Author Susan Reifer Photography Dave Lauridsen
DAY ONE / Whistler and Blackcomb reward early birds. You wake before 7 after a restful night in front of a flickering fire at the Fairmont Chateau Whistler.
The chateau, a modern take on Canadian Pacific’s grand railway hotels, delivers plush comforts and superb yet un-snooty service amid a décor of Canadian folk art and antiques. Best of all, it’s mere feet from the slopes. Last night, you checked in to the exclusive (and newly redecorated) Fairmont Gold hotel-within-a-hotel. Pad down the hall in your jammies to the clubby Fairmont Gold lounge for some coffee and juice before checking the day’s weather report.
Whistler’s weather can vary wildly from valley floor to summit. Even if it’s misty outside the hotel, there may be fresh powder or perhaps even sun on top. Dress in layers and head for breakfast at Ciao-Thyme Bistro, a tiny, open-kitchen café devoted to creating epicurean experiences from regional, seasonal, and organic ingredients. Try the smoked-salmon omelet with brie and asparagus or the eggs Benedict trio with rosemary hash browns.
Gear up at the chateau’s slopeside ski room, and then walk the few yards to Blackcomb’s Wizard Express. Unless you are a rank beginner, head all the way up the mountain before starting back down, connecting from Wizard to the Solar Coaster Express. As you get off Solar, glide straight ahead to the information shack to see what’s been groomed. Whistler-Blackcomb manicures 1,200 acres from peak to valley every night, so start with warm-up laps wherever there is corduroy.
The best way to experience Blackcomb is to ski or ride it in sections, exploring runs off one lift before switching lifts. Begin with a few laps down Solar Coaster’s rolling, open boulevards. When the light-board at the top of Solar indicates Seventh Heaven is open, take a few laps there.
When it’s time for a snack, find your way to Crystal Hut, a cozy log cabin famous for its giant, made-to-order Belgian waffles topped with fresh whipped cream, blueberries, strawberries, chocolate chips, and maple syrup. As you wipe the whipped cream from your nose, check the weather. If it’s snowy or foggy, stay midmountain on the tree-flanked runs below Crystal Hut, taking laps on the one-two combo of Excelerator Chair and Crystal Chair. Explore runs like Ridge Runner (an intermediate favorite) or Arthur’s Choice, Outer Limits, and Rider’s Revenge (for experts). If it’s clear, take Glacier Express and the Showcase T-bar to the top and follow the short boot-pack hike to the entrance of Blackcomb
Glacier, a vast and majestic alpine arena that is part of
British Columbia’s Parks system. Intermediates can glide right down the center of the basin; experts can try Blow Hole and Surf’s Up but should watch for cliff bands.

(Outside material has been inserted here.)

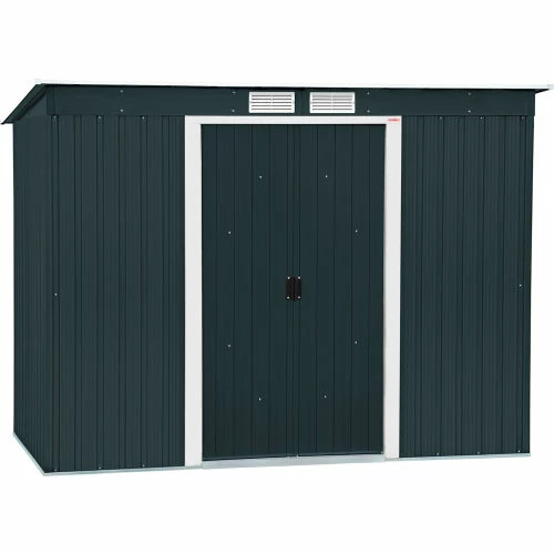 The Pent Roof Shed features a 8′ wide format that’s ideal for smaller yards or patios. This shed features a strong dent resistant walls. The assembly is very simple and requires only a few household tools.
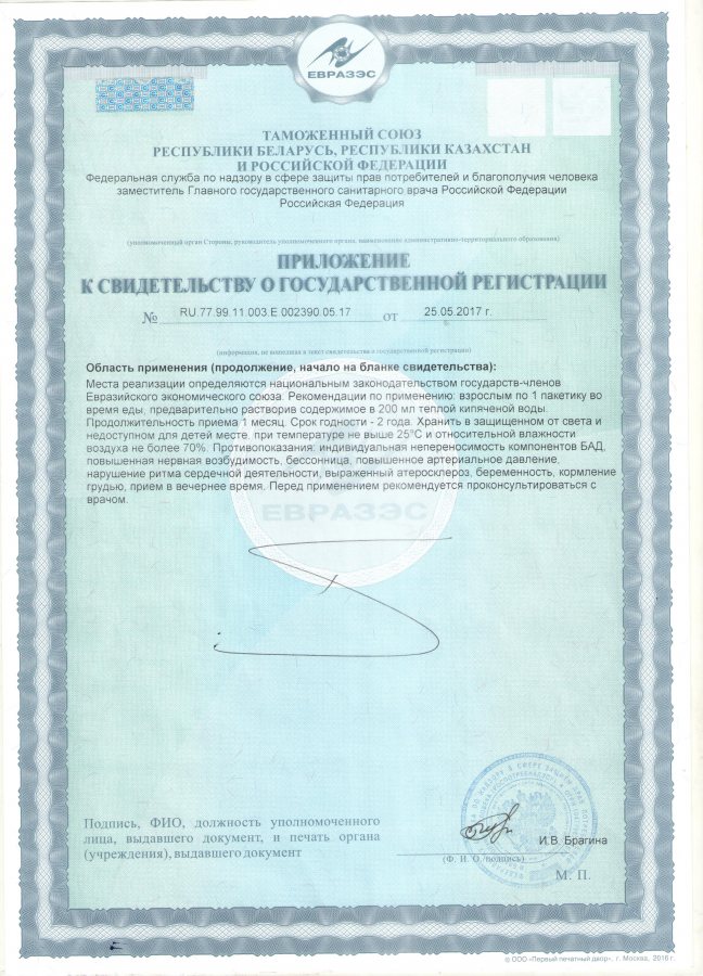 Применение: принимать 2–3 раза в день. Во время еды, взрослым по 1 пакетику, предварительно растворив содержимое в 200 мл теплой кипяченой воды. Продолжительность приема 1 месяц.

At 1 p.m., make your way to the Rendezvous Lodge, where you have a reservation at Christine’s. Sip a crisp B.C. Pinot Gris or a Canadian pilsner, gaze at the craggy white views, and choose between the spinach and goat cheese salad with Skidegate salmon or the Tuscan portobello ciabatta.
After lunch, glide down to the chateau, switch into warm, dry shoes and gloves, and then take the free Fairmont shuttle bus to the Village Loop. Follow the signs to Ziptrek Ecotours, where you have a reservation for your 3 o’clock Zipline adventure. Ziptrek harnesses its guests to pulleys that glide along steel cables suspended over the rushing creek that divides Whistler and Blackcomb mountains. The tour’s few minutes of adrenaline rush are interspersed with several hours of peaceful and informative walks among the treetops.
For some après-ski revelry, head to the Dubh Linn Gate Old Irish Pub for pints of Guinness and foot-tapping to live Celtic music. Then it’s a short wander to My Foot Reflexology for a revitalizing Singapore-style foot massage.
After a quick change, ask the Fairmont shuttle to drop you at the Whistler Outdoor Centre, where a sleigh pulled by Belgian draft horses takes you for a jingle-bell ride over the river, through the woods, and along the shores of Green Lake to the Edgewater Lodge. It’s better than Grandma’s house, by far. Executive chef Thomas Piekarski fuses Pacific Northwest and high Swiss culinary styles for specialties like pan-seared Camembert with black fig mousse and mango chutney. For entrées, organic venison is the specialty of the house. The candlelit, lakefront dining room’s big views are a perfect end to a very big day.